┌────────
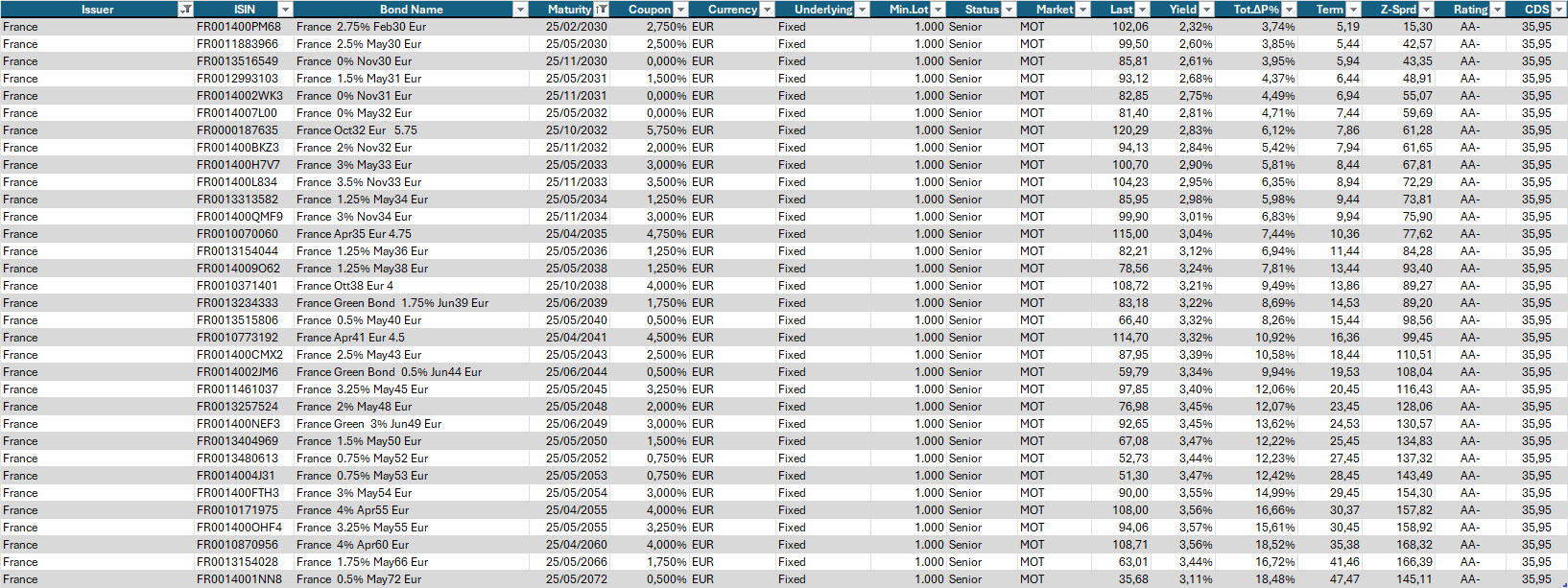 Vista l’importanza del tema Francia, ecco la selezione aggiornata dei governativi d’oltralpe.
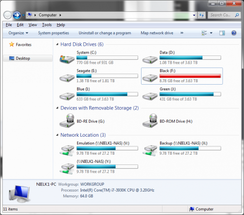 Wow... I think I am going to become @DOS76 at some point. "Black" is where I keep a copy of every DRM free game and album I ever buy in bundles. "Blue" has the music and a lot of random crap. "Seagate" is an old Seagate that's slowly dying. Data, Black, Blue, and Green are all WD 4TB Black drives. The NAS is 6 WD 6TB Red drives I have 3 4TB WD MyBook and 1 3TB WD MyBook externals which I used to do backups on but are currently not being used due to the purchase of the NAS. I currently store my roms on my NAS and that seems OK so far, but I am still setting everything up. My LaunchBox is really slow due to the library size but that's in part because I am still cleaning things. I have over 2K paid games on Steam. I believe in paying developers for their work when possible. I also believe in archiving and do my best to store things.
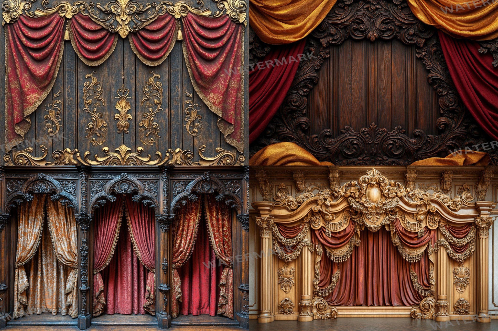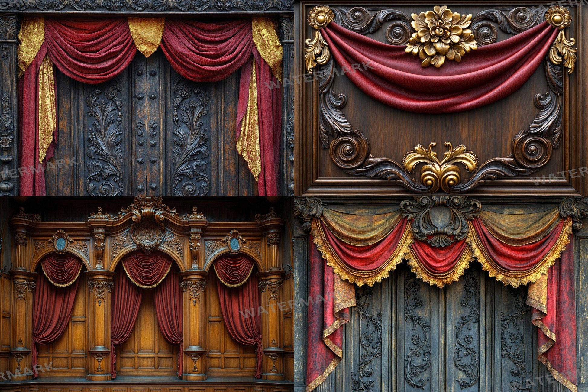 Antique Carved Panels Digital Backdrops - 3High-Resolution PNGs 00x00px for Photography - Commercial Use Allowed
└────────
[Exercise instructions]: This task calls for the listing to be restated exactly, with images omitted.

[Answer to this exercise]:
 Vista l’importanza del tema Francia, ecco la selezione aggiornata dei governativi d’oltralpe.
 Wow... I think I am going to become @DOS76 at some point. "Black" is where I keep a copy of every DRM free game and album I ever buy in bundles. "Blue" has the music and a lot of random crap. "Seagate" is an old Seagate that's slowly dying. Data, Black, Blue, and Green are all WD 4TB Black drives. The NAS is 6 WD 6TB Red drives I have 3 4TB WD MyBook and 1 3TB WD MyBook externals which I used to do backups on but are currently not being used due to the purchase of the NAS. I currently store my roms on my NAS and that seems OK so far, but I am still setting everything up. My LaunchBox is really slow due to the library size but that's in part because I am still cleaning things. I have over 2K paid games on Steam. I believe in paying developers for their work when possible. I also believe in archiving and do my best to store things.
 Antique Carved Panels Digital Backdrops - 3High-Resolution PNGs 00x00px for Photography - Commercial Use Allowed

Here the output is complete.